The evidence for an association between early antibiotic use and subsequent development of asthma is not clear. In the March 2003 issue of the Journal of Allergy and Clinical Immunology, Liu and Murphy reported on the hygiene hypothesis, which states that more hygienic childhood environments potentially exacerbate atopic T-helper type 2 immunity, whereas microbial pressure would provide a balanced immune system. According to Johnson and colleagues in the June 2005 issue of the Journal of Allergy and Clinical Immunology, children who required antibiotics and had less pet exposure during the first year of life were at higher risk for atopy. In the March 2006 issue of Chest, a meta-analysis by Marra and colleagues revealed that antibiotic use in the first year of life was linked to an increased risk for asthma in nonprospective studies.
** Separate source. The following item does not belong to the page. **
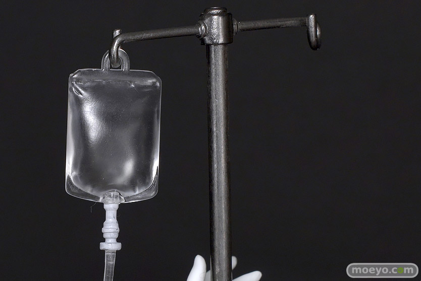 点滴スタンドから延びるルート・カテーテルを右手に構た姿はまさにナースのいで立ち。口を覆ったマスク、バニースーツは

This cohort study evaluates whether antibiotic use in the first year of life is associated with asthma at the age of 7 years and whether this association is affected according to subgroups of children and antibiotic use.

Study Highlights

  • Data for 13,116 children of a cohort of 13,980 children born in Manitoba and enrolled in universal health insurance were evaluated for asthma at age 7 years.
  • 864 children were excluded because of diagnosis of asthma in the first year of life.
  • Demographic data showed 50% were boys, 57% had urban residence (population > 40,000), 24% were low income, 90% had siblings, 6% had asthma at age 7 years, and 5% had mothers with history of asthma,
  • 65% had received at least 1 antibiotic in first year of life.
  • 3% received only narrow-spectrum antibiotics (penicillin, cloxacillin, cephalexin, cefadroxil, and erythromycin), 52% received only broad-spectrum antibiotics, and 10% received both narrow- and broad-spectrum antibiotics.
  • 55% received at least 1 broad-spectrum–type penicillin prescription.
  • Indications for antibiotics included otitis media in 40%, other upper respiratory tract infections in 28%, lower respiratory tract infection in 19%, and non–respiratory-tract infection in 7%.
  • Asthma diagnosis at age 7 years was based on at least 2 clinician visits, 1 hospitalization, or 2 medication prescriptions for asthma in the year after the seventh birthday.
  • After adjusting for asthma risk factors, antibiotic use during the first year was associated with greater risk for asthma at age 7 years.
  • The association between antibiotic use and asthma risk increased with number of antibiotic courses.
  • Children who took more than 4 antibiotic courses had highest asthma risk (OR, 1.46; 95% CI, 1.14 - 1.88).
  • Subgroup analysis showed asthma risk was associated with broad-spectrum antibiotic use (OR, 1.50; 95% CI, 1.16 - 1.93) and antibiotic prescription for non–respiratory-tract infections (OR, 1.86; 95% CI, 1.02 - 3.37).
  • There was no associated asthma risk for narrow-spectrum antibiotic use.
  • Association between antibiotic use and asthma risk was affected by the following:
    • Rural residence if more than 4 antibiotic courses (OR, 1.88).
    • Absence of maternal asthma, especially if more than 1 antibiotic course (OR, 1.57).
    • Absence of dog during birth year if more than 4 antibiotic courses (OR, 2.02).
  • In subgroup of 7517 urban children, the association between antibiotic use and asthma was not significant.
  • Broad-spectrum cephalosporin use was more common in rural children vs urban children, but there were no other differences in antibiotic type among groups.

 

Pearls for Practice

  • Children who receive oral antibiotics in the first year of life, especially more than 4 courses and for non–respiratory-tract infections, are more likely to have asthma at the age of 7 years.
  • The association between antibiotic use in the first year of life and asthma at the age of 7 years was especially strong in rural areas, in the absence of maternal asthma, in the absence of a dog during the birth year, and with broad-spectrum cephalosporin use.